Абзац внимательно осмотрел мельницу и чаны для варки бумаги, сушильный пресс и настольную полиграфическую машину оригинальной конструкции, стоявшую на железном верстаке в соседней комнате. Он нашел матрицу, которую никто не потрудился спрятать, а в самом конце экскурсии, вернувшись к лежавшему на полу Заболотному, заметил отлетевшую в сторону стодолларовую купюру и обломки банковской машинки для проверки подлинности банкнот. Именно здесь печатались деньги, по следу которых Абзац пришел в эту западню. Было непонятно, почему работавшие на Барабана люди вдруг попытались вырваться отсюда. Непонятно было также, знал ли Кузнец о происхождении денег, которыми ссудил своего старого приятеля. Здесь было много непонятного, но Абзац поймал себя на том, что ничего не хочет понимать. Зачем? Если бы пониманием можно было проломить стену или открыть люк…
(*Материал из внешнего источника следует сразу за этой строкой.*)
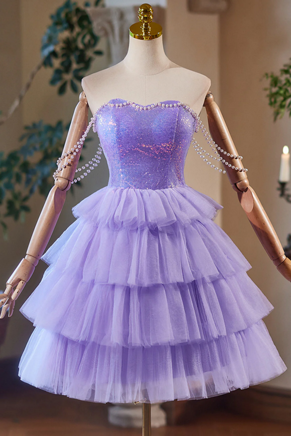 Lovely Tulle Pearl Short Prom Dress, A Line Strapless Evening Party Dress PFH0528
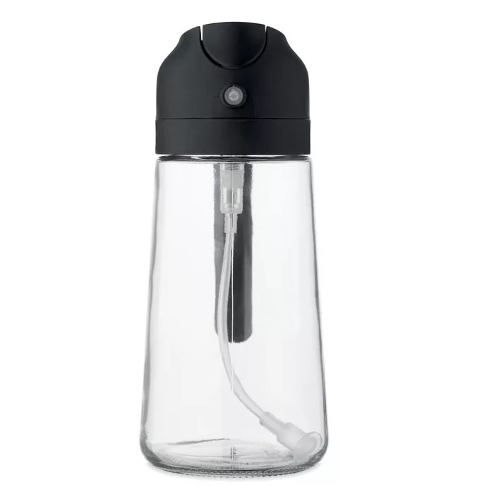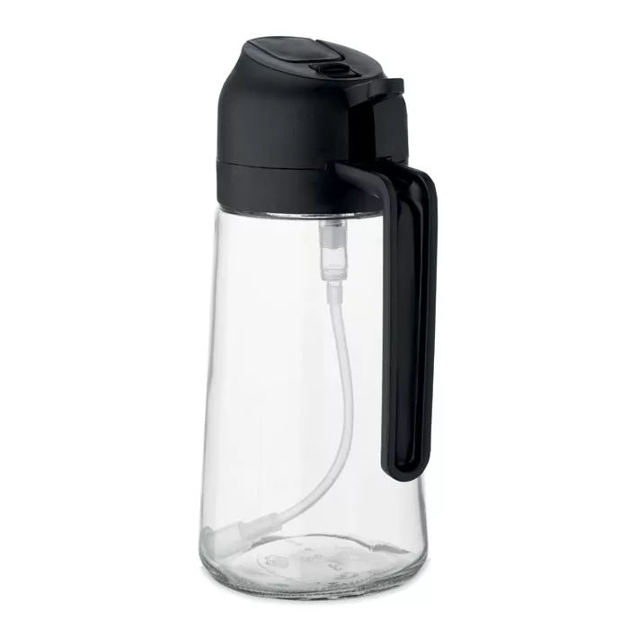 2 az 1-ben üveg olajtartó és szórófejes adagoló PP fedéllel, PE szívószállal. Űrtartalom: 450 ml.

Продолжая дымить сигаретой, Абзац подошел к книжной полке и зачем-то снял с нее подшивку старых журналов. Посмотрев на название, он усмехнулся. «Знание – сила»… Хорошо бы! Ну, вот он теперь как будто все знает – ну и что? Долго он проживет с этим знанием? Ровненько до того момента, как сюда приедет Барабан. Ну плюс еще какое-то время на допрос с пристрастием: кто еще знает про фальшивые деньги и кому известен этот адрес – деревня Ежики, дом двадцать пять…
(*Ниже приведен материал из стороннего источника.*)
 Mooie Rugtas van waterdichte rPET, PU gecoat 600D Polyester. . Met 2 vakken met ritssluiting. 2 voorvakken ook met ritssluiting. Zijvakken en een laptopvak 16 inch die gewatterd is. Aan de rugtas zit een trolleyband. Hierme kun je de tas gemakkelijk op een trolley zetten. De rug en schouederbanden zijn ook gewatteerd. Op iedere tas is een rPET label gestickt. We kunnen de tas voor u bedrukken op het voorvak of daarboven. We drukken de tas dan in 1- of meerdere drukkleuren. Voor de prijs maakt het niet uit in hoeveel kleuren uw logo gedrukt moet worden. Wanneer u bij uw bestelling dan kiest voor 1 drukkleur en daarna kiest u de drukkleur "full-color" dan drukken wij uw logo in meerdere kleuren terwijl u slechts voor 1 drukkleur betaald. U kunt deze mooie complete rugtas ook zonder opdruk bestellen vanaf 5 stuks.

«Пожар, что ли, устроить, – подумал он без особого энтузиазма. – Может, люк откроют… Да нет, пока они сообразят, что к чему, пожалуй, как раз в дыму задохнешься».
Он затянулся сигаретой и с сомнением посмотрел на голубоватую струйку дыма. "А что, – подумал он. – Все-таки знание – сила! Итак, что мы имеем?
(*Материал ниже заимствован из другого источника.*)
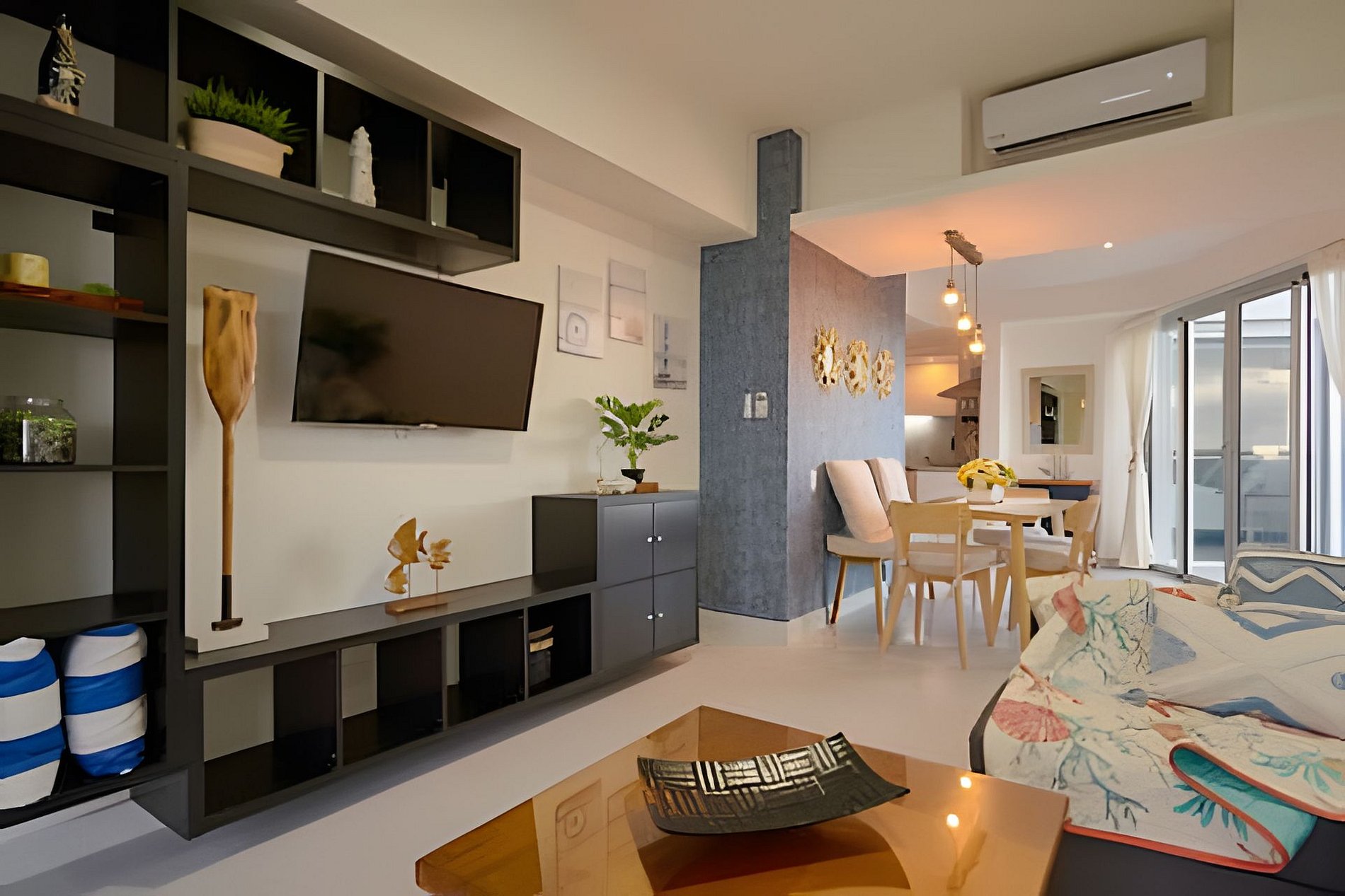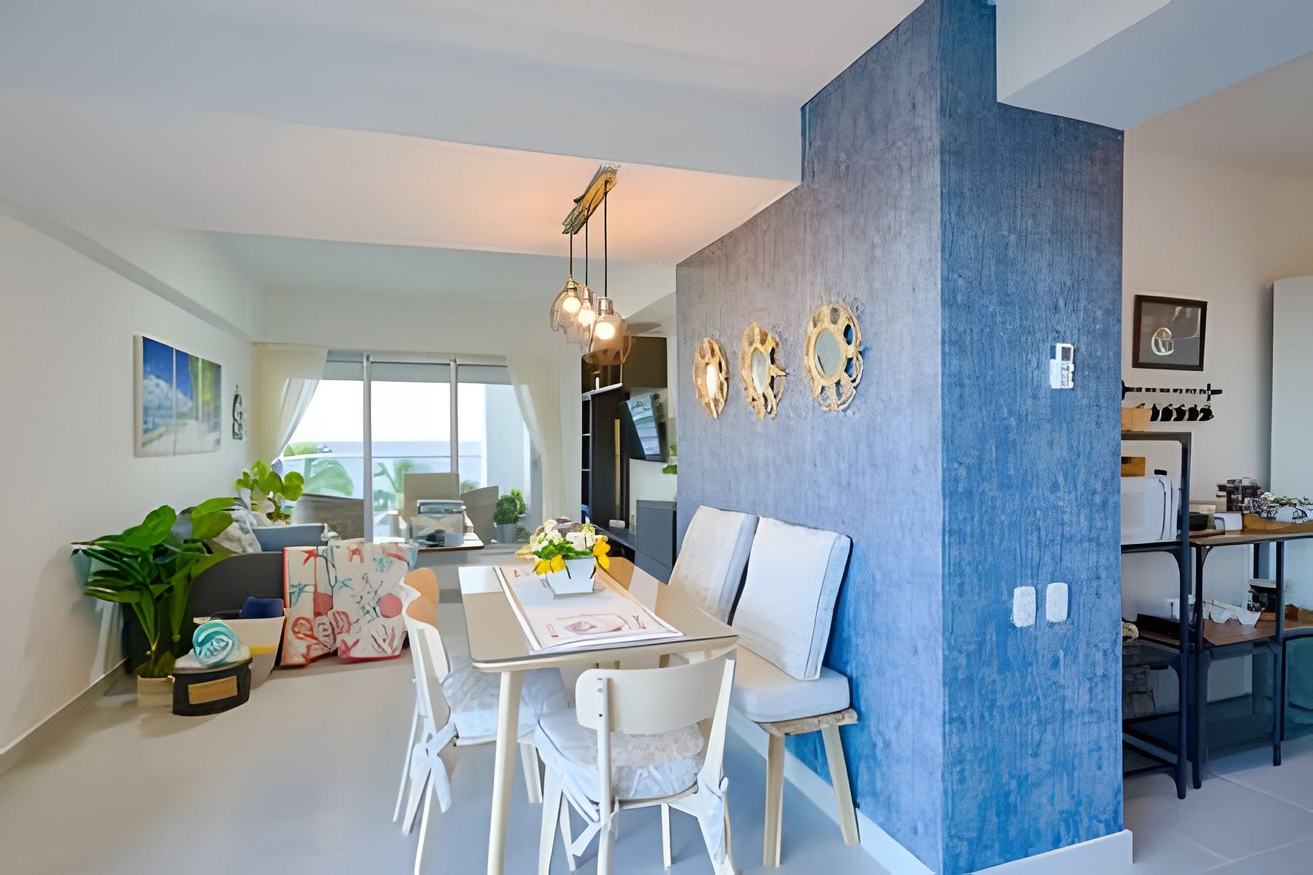 Disconnect from your worries, just 45 minutes from the chaos of the city of Santo Domingo, in front of a semi-private stretch of beach in Juan Dolio, you will find this apartment carefully decorated and equipped to make your stay comfortable and enjoyable. Enjoying the views of the Caribbean Sea from the first moment you open your eyes, and sitting down to be enchanted by the beautiful sunsets on its two large balconies is one of the privileges of staying here.

Бумагу варить – это вам, граждане, не борщ стряпать. Это пар, это вонь, это конденсат, а тут, между прочим, высокое напряжение… Кстати, о напряжении. Может, подвести триста восемьдесят, скажем, к лестнице? Они сунутся, а их как шандарахнет! Ну и что? Бросят в подвал еще одну гранату, чтобы не хулиганил, вот и весь эффект. Нет, постой, это не то.
Так что там у нас насчет конденсата?
Конденсат надо отводить. И пар, и всякую летучую химию. Причем, судя по размеру главного котла, этой дряни во время работы оборудования здесь бывает предостаточно. А раз так, без хорошей принудительной вентиляции не обойтись… Ба! Да я же ее видел. Широченный такой жестяной короб, прямо как в западных кино показывают. Ползти по такому – одно удовольствие. Это при условии, что сумеешь туда забраться, миновав всякие вентиляторы и фильтры. Плюс возможность привлечь внимание охранников своим копошением и получить пулю через жесть…"
Ну, хорошо, сказал он себе. Допустим, это не лучший способ рвануть отсюда когти. А что, есть альтернатива?
Он подобрал с пола и взвесил в руке железный лом, которым, по всей видимости, был убит охранник.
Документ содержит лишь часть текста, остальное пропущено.